Cryptography, with provenance.
Ed25519 signatures. AES-256-GCM for symmetric. TLS 1.3 for transport. Your keys in your KMS. Post-quantum migration strategy in place. This is the specific cryptographic posture of the Veridra platform.
Cryptographic choices compound over time. The ones we make today will still be verifiable in 2033 when a regulator opens a case about a 2026 decision.
Signature layer — the evidence foundation
Every signed Veridra record uses Ed25519 as the primary signature algorithm. Ed25519 is specified in RFC 8032, has fast verification, small signature size (64 bytes), and resistance to side-channel attacks. ECDSA P-256 is supported for legacy compatibility only, not for new deployments.
Signatures are over RFC 8785 JSON Canonicalization Scheme output — a deterministic serialization that eliminates ambiguity about what exactly was signed. This matters for long-term verifiability: a signature over canonical JSON can be verified years later without guessing at the original byte-for-byte form.
Why Ed25519 specifically
- Fast verification on regulator hardware — an auditor's laptop can verify tens of thousands of signatures per second.
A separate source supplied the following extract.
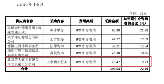 12月1日,华蓝集团的招股书披露,其中显示,支付给北京荣大商务北京第二分公司25.47万元采购上市相关服务,占当期中介咨询费用占比为10.25%。
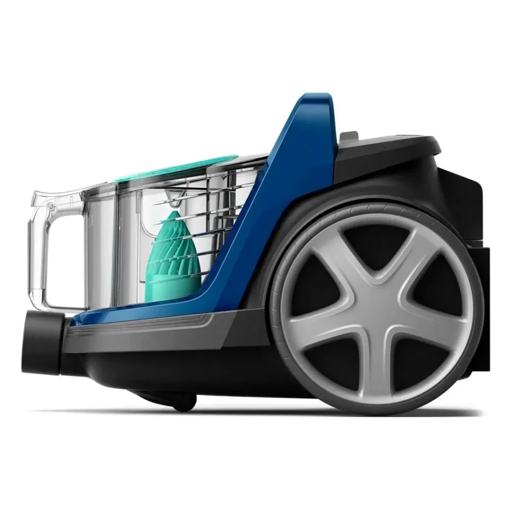Equipped with PowerCyclone 7 technology, it boasts an aerodynamic design that reduces air resistance, ensuring constant and powerful suction for longer stretches of cleaning. The TriActive multi-action nozzle elevates performance further with three steps in one: a specially designed soleplate for deep carpet cleaning, a wide front opening for large debris, and side brushes and air channels to capture dust along walls and furniture edges.

- Small signature size — packs deliver quickly even at scale.
- No nonce reuse failure mode (Ed25519 is deterministic; ECDSA requires careful nonce handling).
- Broad library support across the SDK ecosystem — Python, Node, Go, Java all have well-audited implementations.
- Standardized in RFC 8032, implemented in NIST FIPS 186-5.
Symmetric encryption
For data-at-rest encryption where Veridra holds keys: AES-256-GCM. For mobile and constrained environments: ChaCha20-Poly1305. Key derivation uses HKDF for context binding and Argon2id for password-adjacent material. All authenticated encryption; no unauthenticated encryption modes anywhere in the stack.
Transport
TLS 1.3 only for new deployments, with modern cipher suites (AES-GCM and ChaCha20-Poly1305). TLS 1.2 is permitted only for approved legacy integrations from customers with specific constraints, with a restricted cipher suite list. No SSLv3, no TLS 1.0, no TLS 1.1, no RC4, no 3DES, no export ciphers. Perfect forward secrecy is a hard requirement.
Hashing
SHA-256 as the primary hash for all content addressing, input hashing, and Merkle log construction. SHA-384 and SHA-512 are supported for specific use cases (notably where FIPS 140-3 level 3 requires them in customer-configured deployments).
Key management
Signing keys live in your KMS
Long-lived signing keys never enter Veridra infrastructure. They live in your AWS KMS, Azure Key Vault, GCP KMS, HashiCorp Vault, or PKCS#11 HSM. Veridra's key-broker service requests signatures over canonicalized records; the KMS performs the signing; the signature comes back and is appended to the decision record. If you revoke the signing grant, Veridra immediately loses the ability to sign new decisions. Your custody; our service.
Short-lived signing grants
Key-broker grants are time-bounded to 10 minutes maximum. Each grant is scoped to a specific signing context. Grant issuance is logged in both your KMS audit trail and Veridra's internal audit log, with cross-verifiable timestamps.
Key rotation
Default rotation is quarterly; customer-configurable up to monthly or as-needed. Pre-rotation signatures remain verifiable using the prior public key (published and cross-signed by the new key). Rotation events themselves are signed and logged to the transparency log, so the rotation record itself is evidence.
Post-quantum strategy
Ed25519 is classically secure but post-quantum vulnerable — like all current asymmetric signature schemes in production. Our strategy is hybrid signatures through a transition window: as NIST-standardized post-quantum signature schemes (ML-DSA / FIPS 204) mature, we will offer parallel signing paths that produce both classical and PQ signatures over the same canonical record. This preserves verifiability of historical records (classical) while adding future-secure signing (PQ) for new records. Timeline aligned with NIST final standards and library maturity.